■ **Data to process**:
=====
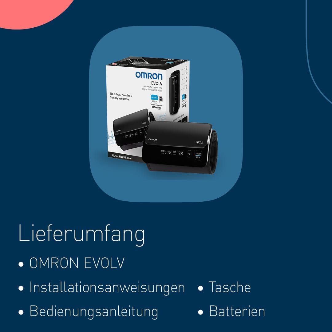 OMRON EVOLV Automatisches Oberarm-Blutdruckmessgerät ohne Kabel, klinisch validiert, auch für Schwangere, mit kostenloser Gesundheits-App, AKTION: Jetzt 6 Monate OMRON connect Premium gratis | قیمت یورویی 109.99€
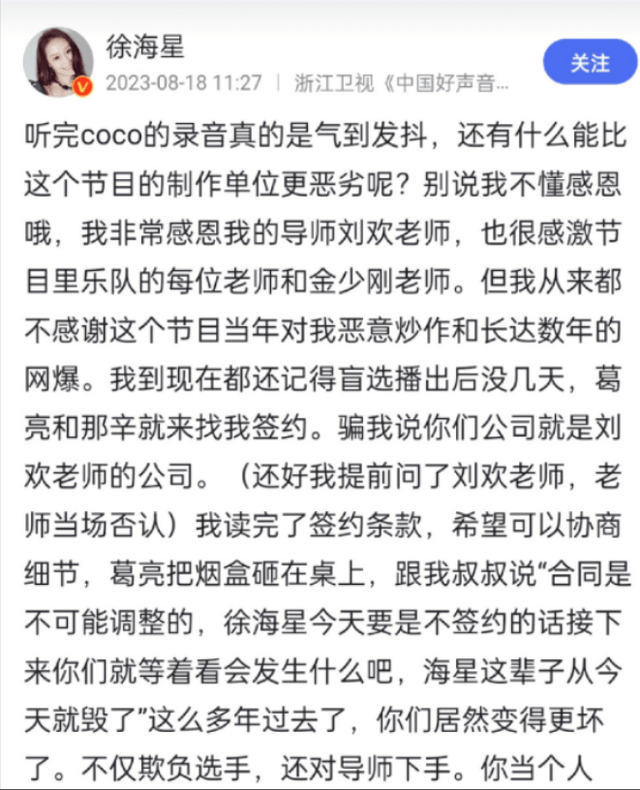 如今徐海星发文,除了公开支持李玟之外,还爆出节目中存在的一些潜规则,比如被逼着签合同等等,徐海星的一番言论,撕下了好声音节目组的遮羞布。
=====
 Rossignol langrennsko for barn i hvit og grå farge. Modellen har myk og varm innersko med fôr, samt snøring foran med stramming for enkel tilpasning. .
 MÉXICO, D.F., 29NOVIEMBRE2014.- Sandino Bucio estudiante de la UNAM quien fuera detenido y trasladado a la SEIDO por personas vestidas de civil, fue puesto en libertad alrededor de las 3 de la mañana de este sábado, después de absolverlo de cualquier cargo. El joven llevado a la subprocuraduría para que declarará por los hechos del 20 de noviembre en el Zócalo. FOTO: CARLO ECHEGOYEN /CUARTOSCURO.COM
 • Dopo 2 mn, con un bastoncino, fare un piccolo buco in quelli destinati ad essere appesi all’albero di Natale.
=====
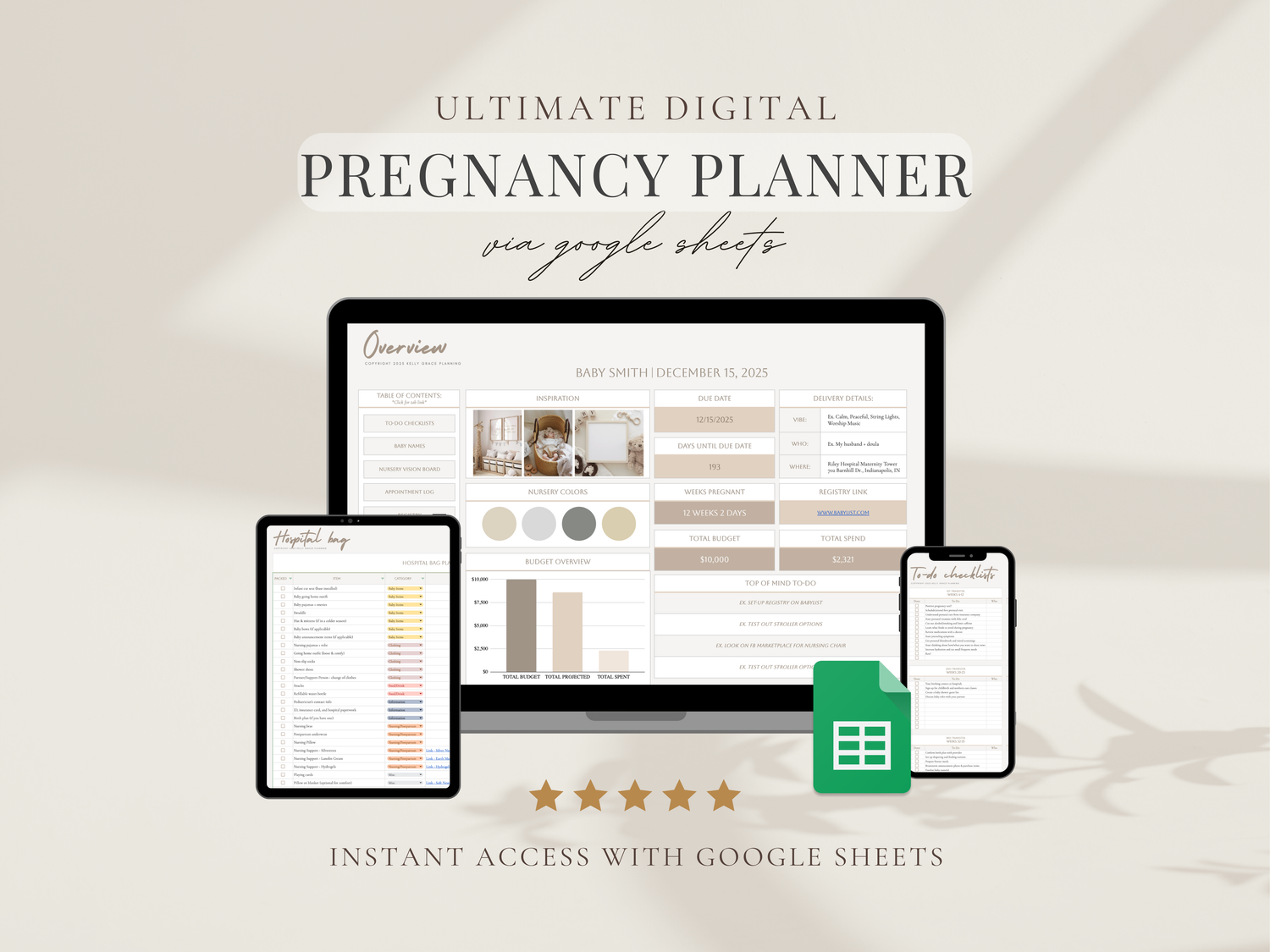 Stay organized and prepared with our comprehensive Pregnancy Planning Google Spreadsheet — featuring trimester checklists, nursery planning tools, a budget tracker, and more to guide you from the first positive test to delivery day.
=====
■ **Problem to solve**:
Give back the records above exactly, limited to the lines between the one holding "MÉXICO, D.F., 29NOVIEMBRE2014.- Sandino" and the one holding "all’albero di Natale.", inclusive.

■ **Final answer**:
 MÉXICO, D.F., 29NOVIEMBRE2014.- Sandino Bucio estudiante de la UNAM quien fuera detenido y trasladado a la SEIDO por personas vestidas de civil, fue puesto en libertad alrededor de las 3 de la mañana de este sábado, después de absolverlo de cualquier cargo. El joven llevado a la subprocuraduría para que declarará por los hechos del 20 de noviembre en el Zócalo. FOTO: CARLO ECHEGOYEN /CUARTOSCURO.COM
 • Dopo 2 mn, con un bastoncino, fare un piccolo buco in quelli destinati ad essere appesi all’albero di Natale.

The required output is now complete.